The deal, which was filed in the US District Court in Tacoma, Washington, on Wednesday, settles a lawsuit filed in June 2017 by the Suquamish Tribe and two nonprofit organizations: the Puget Soundkeeper Alliance and the Washington Environmental Council. 

According to the lawsuit, the US Navy’s hull scraping of the decommissioned aircraft carrier USS Independence at the Puget Sound Naval Shipyard in 2017 caused paint, metals and other contaminants to be released into the Sinclair Inlet, which flows into the Puget Sound. 

The lawsuit thus alleges that the US Navy committed multiple violations of the Clean Water Act, a US federal law passed in 1972 that regulates the discharge of pollutants into the nation’s waters.

In the settlement agreement, which applies to six decommissioned ships including the former aircraft carrier USS Kitty Hawk, the Navy agreed to no longer complete any hull cleaning in the Sinclair Inlet “except to the extent it is required for hull integrity tests or to prepare the vessel to be put into dry-dock,” the Associated Press reported.

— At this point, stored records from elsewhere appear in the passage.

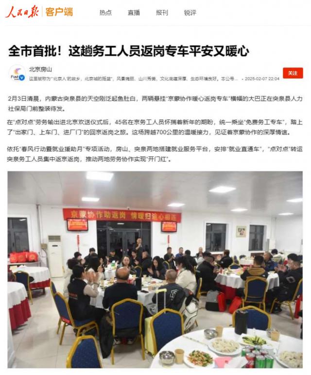 近日,内蒙古突泉县的天空刚刚变白,突泉县人力资源和社会保障局门口正准备出发两辆挂着“京蒙合作暖心返岗专车”横幅的公交车。“点对点”劳务输出进入北京欢送仪式后,45 一名在京工人统一乘坐“免费工作专车”,踏上返京返岗之旅。这次跨越 700 温暖的接力公里,见证了京蒙合作的深厚友谊。
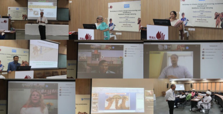 Verghese Kurien Centre of Excellence (VKCoE) organized a workshop on ‘Climate change and ensuring sustainable livelihood of Maldharis through dairying’ in IRMA on 24 February 2024 in collaboration with Maldhari Rural Action Group (MARAG). The workshop began with an inaugural address by Dr. JB Prajapati, Chairperson, VKCoE. He emphasized that the session be more interactive and that one has a lot to learn from the Maldhari attendees. The guests on the dais were felicitated with a rose and a handkerchief.
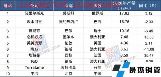 以上為全球十大鎳生產(chǎn)商排名,2020 年全球鎳產(chǎn)量總計(jì)約 220 萬噸。詳情請點(diǎn)擊》》
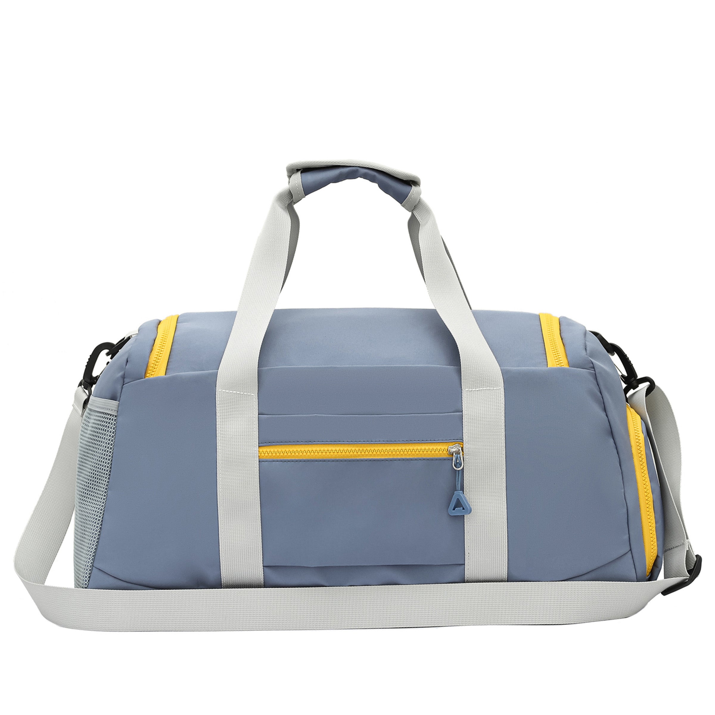 This bag features a large main compartment, with 2 inner pockets and a zippered wet pocket to keep your clothes, towels, and food organized. A separate bottom compartment stores shoes and dirty clothes, while an exterior pocket holds a water bottle or umbrella. There’s also a front pocket and a back zip pocket for keys.

The Navy also agreed to place a 10-centimeter-thick layer of clean sand over the area where the USS Independence was scrubbed by 2022. Sand filters are used to produce high-quality water. When water passes through the slow sand filter, various pathogens are filtered out through several biological mechanisms.

The settlement also notes that Puget Soundkeeper Alliance and the state of Washington reserve the right to seek legal fees from the Navy, the Associated Press reported.